## Data below
════════

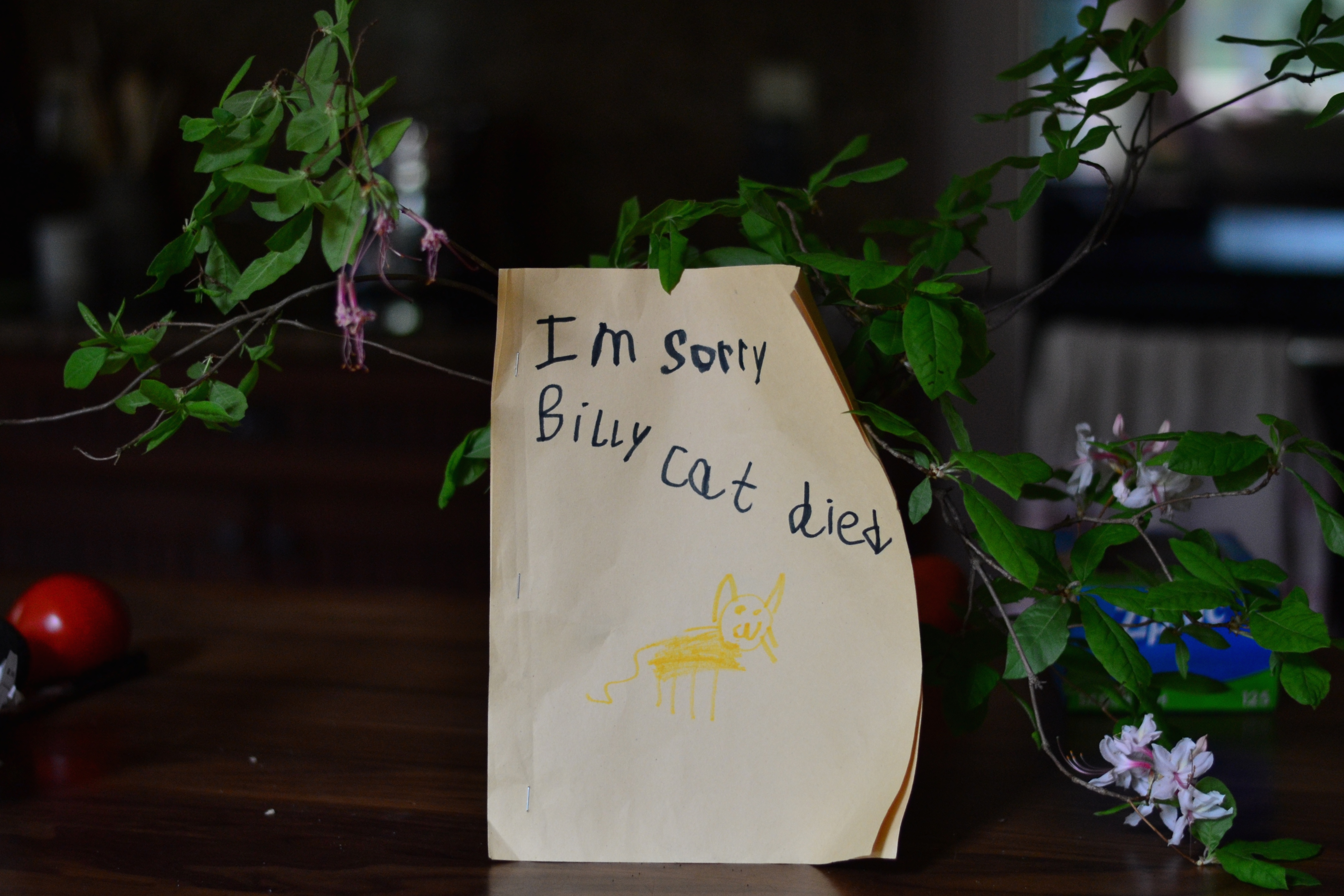 There is a homemade card on the counter that Seth brought home, which is propped up against a vase of flowers.  In Kindergarten handwriting are the words, “I’m sorry Billy Cat died.”  It’s bothering all of us that it is there.
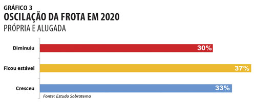 É preciso considerar ainda que está em curso no mundo todo uma mudança de cultura em relação à opção pelo rental, o que não poderia ser diferente no Brasil. Nesse contexto, foram analisadas as respostas das sondagens de 2019 e 2020 no que tange à frota total (própria e alugada), buscando aferir se o parque cresceu ou diminuiu nas empresas que responderam às sondagens.
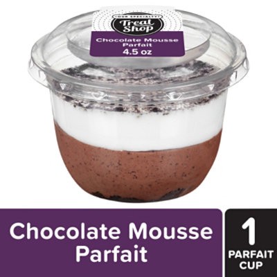 CHOCOLATE MOUSSE WITH CHOCOLATE CRUMB & WHIPPED TOPPING.

════════

Could you copy exactly, and with no pictures, the lines above from the one containing "É preciso considerar" through the last line, both included?

 É preciso considerar ainda que está em curso no mundo todo uma mudança de cultura em relação à opção pelo rental, o que não poderia ser diferente no Brasil. Nesse contexto, foram analisadas as respostas das sondagens de 2019 e 2020 no que tange à frota total (própria e alugada), buscando aferir se o parque cresceu ou diminuiu nas empresas que responderam às sondagens.
 CHOCOLATE MOUSSE WITH CHOCOLATE CRUMB & WHIPPED TOPPING.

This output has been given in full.